• **Material provided**:
-------

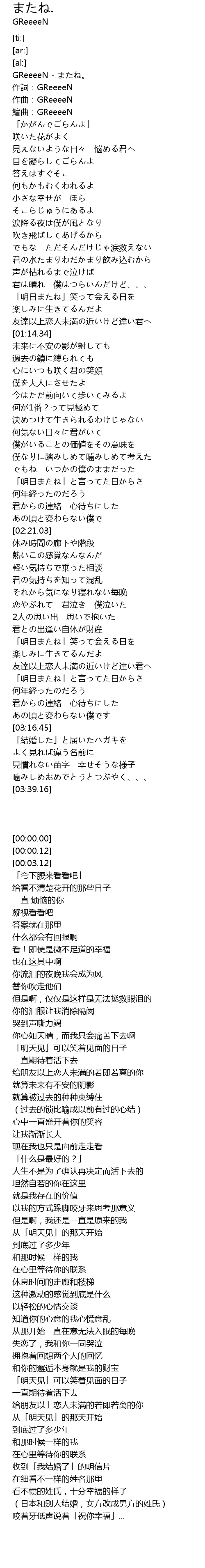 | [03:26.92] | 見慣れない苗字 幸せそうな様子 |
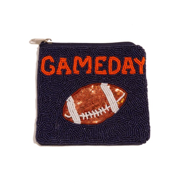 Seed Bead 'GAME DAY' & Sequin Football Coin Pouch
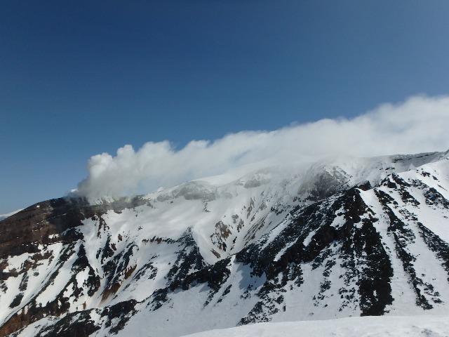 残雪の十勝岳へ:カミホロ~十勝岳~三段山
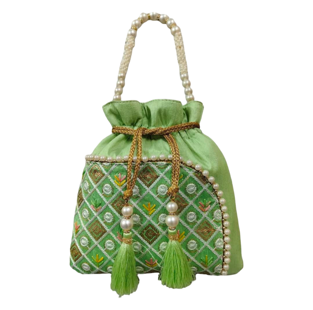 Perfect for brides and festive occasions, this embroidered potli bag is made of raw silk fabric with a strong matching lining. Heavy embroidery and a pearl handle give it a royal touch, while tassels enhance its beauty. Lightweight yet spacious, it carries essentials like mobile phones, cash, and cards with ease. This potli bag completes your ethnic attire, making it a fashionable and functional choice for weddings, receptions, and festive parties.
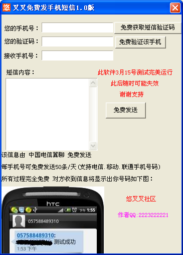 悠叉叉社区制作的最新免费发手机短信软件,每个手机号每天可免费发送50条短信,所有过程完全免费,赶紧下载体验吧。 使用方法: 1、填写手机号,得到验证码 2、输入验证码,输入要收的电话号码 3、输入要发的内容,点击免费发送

-------

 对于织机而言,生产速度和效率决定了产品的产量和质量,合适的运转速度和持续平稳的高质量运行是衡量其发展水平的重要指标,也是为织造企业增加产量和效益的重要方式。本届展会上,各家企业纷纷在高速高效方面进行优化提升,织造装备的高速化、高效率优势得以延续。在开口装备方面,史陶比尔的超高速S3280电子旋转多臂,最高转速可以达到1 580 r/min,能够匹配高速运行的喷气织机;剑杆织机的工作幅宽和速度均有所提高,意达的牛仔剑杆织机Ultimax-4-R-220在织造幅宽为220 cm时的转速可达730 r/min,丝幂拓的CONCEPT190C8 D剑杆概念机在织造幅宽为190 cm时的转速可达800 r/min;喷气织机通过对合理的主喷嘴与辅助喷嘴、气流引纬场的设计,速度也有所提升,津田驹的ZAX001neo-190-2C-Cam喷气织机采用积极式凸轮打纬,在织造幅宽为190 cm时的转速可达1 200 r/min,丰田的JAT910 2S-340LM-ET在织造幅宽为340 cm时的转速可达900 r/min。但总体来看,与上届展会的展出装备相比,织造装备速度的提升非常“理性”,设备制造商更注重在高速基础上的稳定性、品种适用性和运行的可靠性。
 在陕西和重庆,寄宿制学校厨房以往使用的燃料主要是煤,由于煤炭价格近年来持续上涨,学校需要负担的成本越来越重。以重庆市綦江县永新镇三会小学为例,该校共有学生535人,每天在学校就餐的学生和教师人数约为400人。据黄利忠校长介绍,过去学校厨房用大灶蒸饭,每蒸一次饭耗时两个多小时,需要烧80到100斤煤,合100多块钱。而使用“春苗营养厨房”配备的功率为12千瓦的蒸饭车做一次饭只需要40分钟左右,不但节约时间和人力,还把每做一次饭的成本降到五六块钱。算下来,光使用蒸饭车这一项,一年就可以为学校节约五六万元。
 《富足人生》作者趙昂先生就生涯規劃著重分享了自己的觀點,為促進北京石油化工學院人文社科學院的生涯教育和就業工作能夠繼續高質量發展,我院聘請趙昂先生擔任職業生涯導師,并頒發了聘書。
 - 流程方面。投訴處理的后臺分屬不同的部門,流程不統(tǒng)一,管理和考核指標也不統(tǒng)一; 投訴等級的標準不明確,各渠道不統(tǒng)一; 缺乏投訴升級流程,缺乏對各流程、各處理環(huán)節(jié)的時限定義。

-------

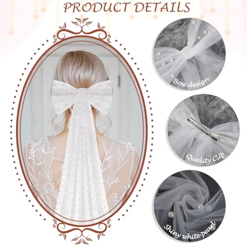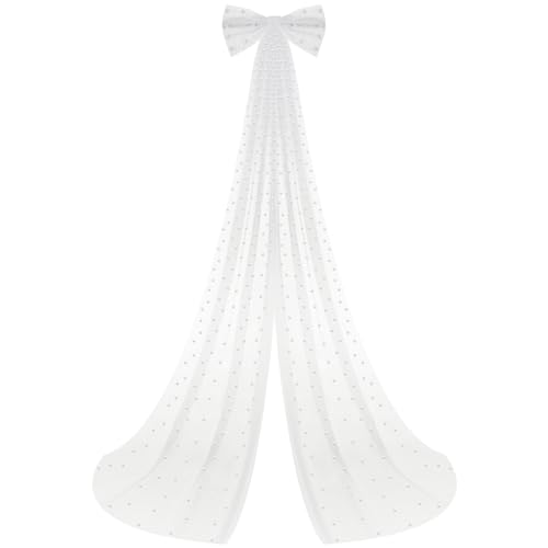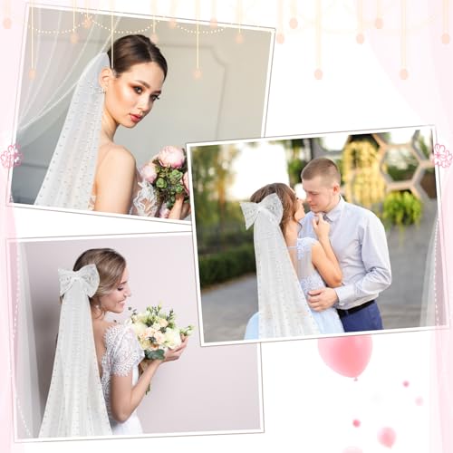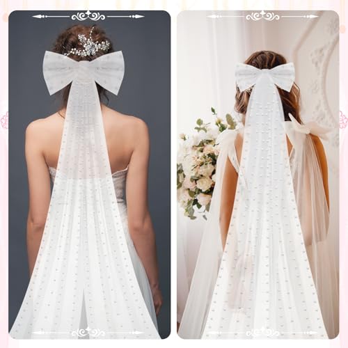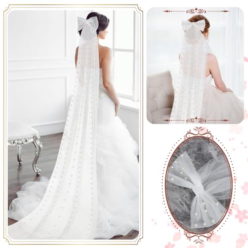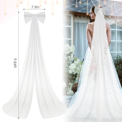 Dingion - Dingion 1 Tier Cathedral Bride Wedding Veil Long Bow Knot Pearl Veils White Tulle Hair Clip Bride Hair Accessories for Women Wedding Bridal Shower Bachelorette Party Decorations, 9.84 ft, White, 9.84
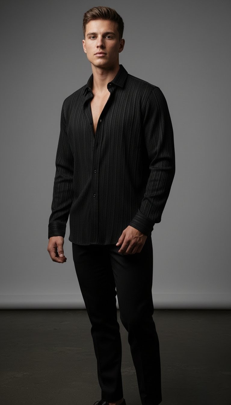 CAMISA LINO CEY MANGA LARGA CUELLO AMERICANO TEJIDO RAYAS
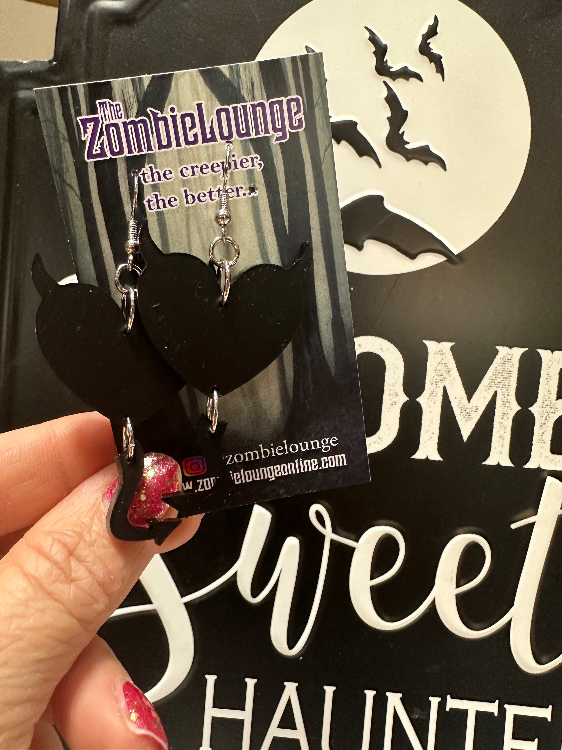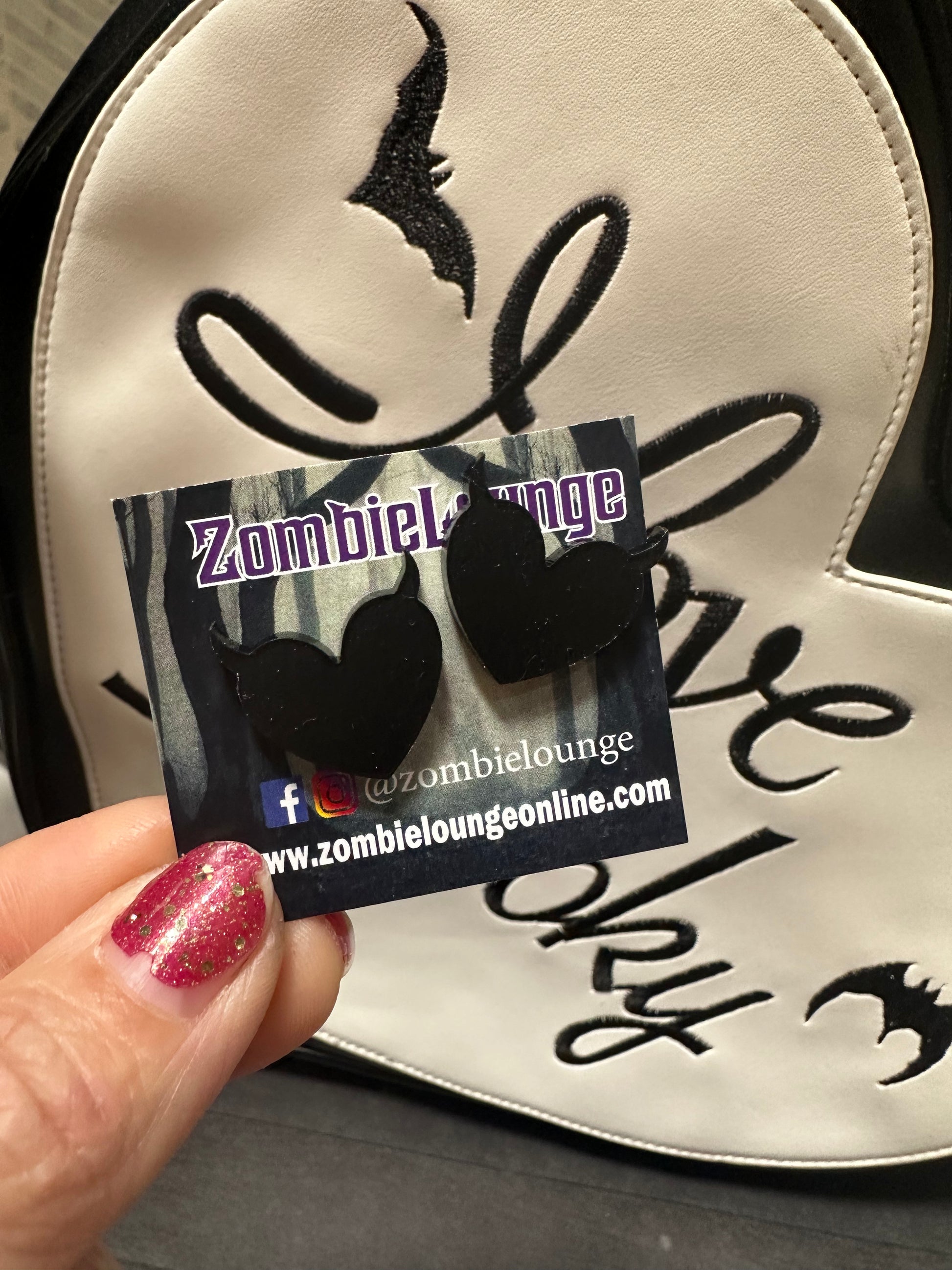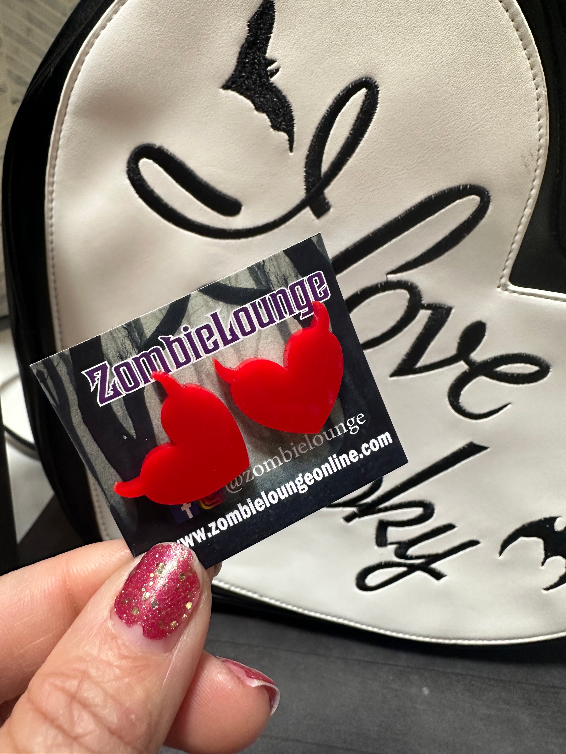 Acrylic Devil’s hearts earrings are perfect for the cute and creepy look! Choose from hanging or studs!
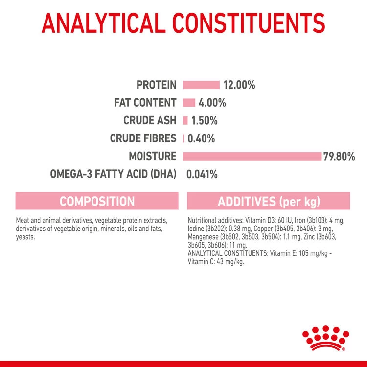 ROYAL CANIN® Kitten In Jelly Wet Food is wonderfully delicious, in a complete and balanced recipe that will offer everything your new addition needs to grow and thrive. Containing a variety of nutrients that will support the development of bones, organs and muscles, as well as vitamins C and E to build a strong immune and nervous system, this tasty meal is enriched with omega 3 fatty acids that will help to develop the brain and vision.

-------

• **Task details**: Word for word, retype the lines in the entries above that run from the one with "見慣れない苗字 幸せそうな様子 |" through the one with "1、填写手机号,得到验证码 2、输入验证码,输入要收的电话号码 3、输入要发的内容,点击免费发送". Both ends count; pictures do not.

• **Solution below**:
 | [03:26.92] | 見慣れない苗字 幸せそうな様子 |
 Seed Bead 'GAME DAY' & Sequin Football Coin Pouch
 残雪の十勝岳へ:カミホロ~十勝岳~三段山
 Perfect for brides and festive occasions, this embroidered potli bag is made of raw silk fabric with a strong matching lining. Heavy embroidery and a pearl handle give it a royal touch, while tassels enhance its beauty. Lightweight yet spacious, it carries essentials like mobile phones, cash, and cards with ease. This potli bag completes your ethnic attire, making it a fashionable and functional choice for weddings, receptions, and festive parties.
 悠叉叉社区制作的最新免费发手机短信软件,每个手机号每天可免费发送50条短信,所有过程完全免费,赶紧下载体验吧。 使用方法: 1、填写手机号,得到验证码 2、输入验证码,输入要收的电话号码 3、输入要发的内容,点击免费发送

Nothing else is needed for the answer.